The Musée de Picardie is housed in a 19th-century building that used to be the Napoleon Museum until it was repurposed as a city and regional museum to exhibit archeological and artistic collections. The museum hosts diverse exhibits of collections: from prehistoric relics, Egyptian, Roman, and Greek antiques, to pieces of fine art made by classical and contemporary painters and sculptors. In short, it had a whole bunch of everything a Louvre-like museum usually would have.
That being said, the palatial museum can take one a few hours or even an entire day to fully absorb and appreciate, especially with such a diverse collection. We didn’t have that much time so our tour of the museum was a quick run-through of all the exhibits.
We made a visit to the enormous Notre Dame d’Amiens after our tour of the museum.

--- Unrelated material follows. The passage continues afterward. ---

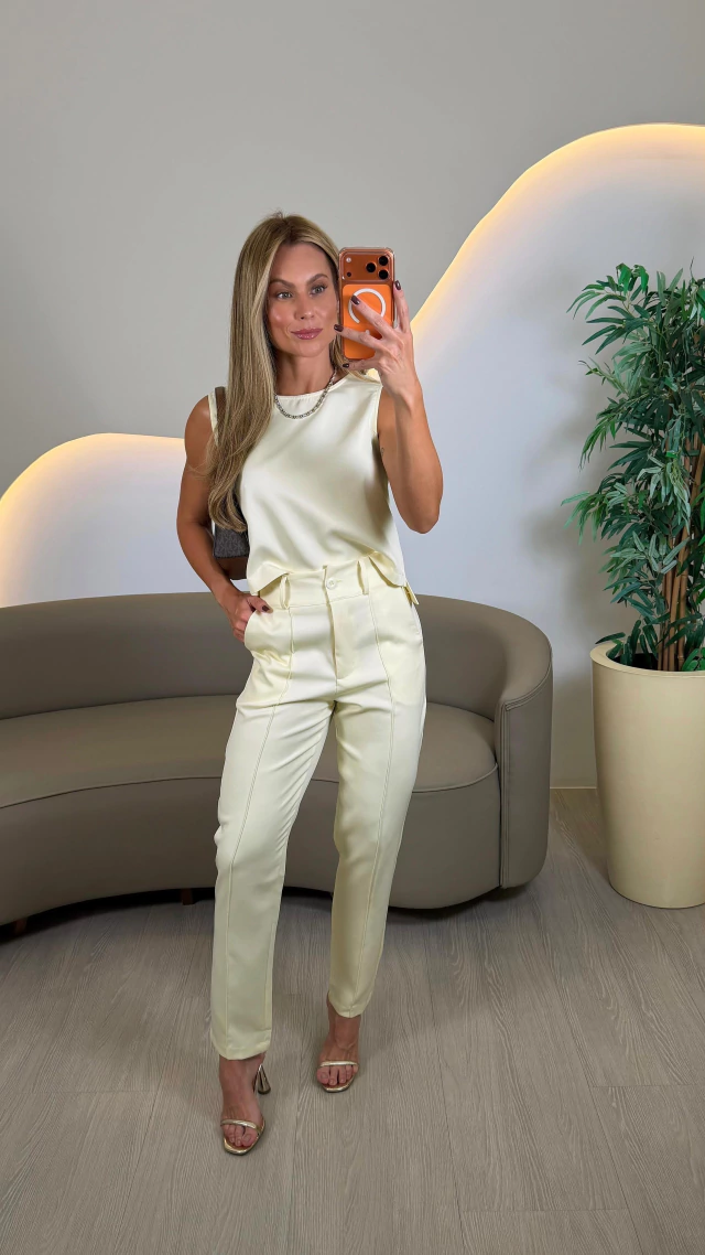 Esse conjunto é ideal para criar looks elegantes e sofisticados, perfeitos para o trabalho ou eventos formais. Combine com scarpins ou sapatos sociais para um visual alinhado e profissional. Aposte em acessórios minimalistas para manter o equilíbrio e a elegância. Para um toque moderno, adicione uma bolsa estruturada e um blazer, se desejar.

As with most cities and towns in France, Amiens hosts an old Catholic church at the centre-ville, near the traditional city hall square.
Since we were at the city hall square, which was transformed into a pleasant pedestrian promenade lined with shops, restaurants and cafes, we decided to spend the rest of the sun-lit summer evening with cold beer near the hôtel de ville (city hall).
We took the train back to Paris at around half-past eight in the evening, when the sun is just about to set. It took just a little longer than an hour until our train arrived at Gare du Nord. It was a good trip!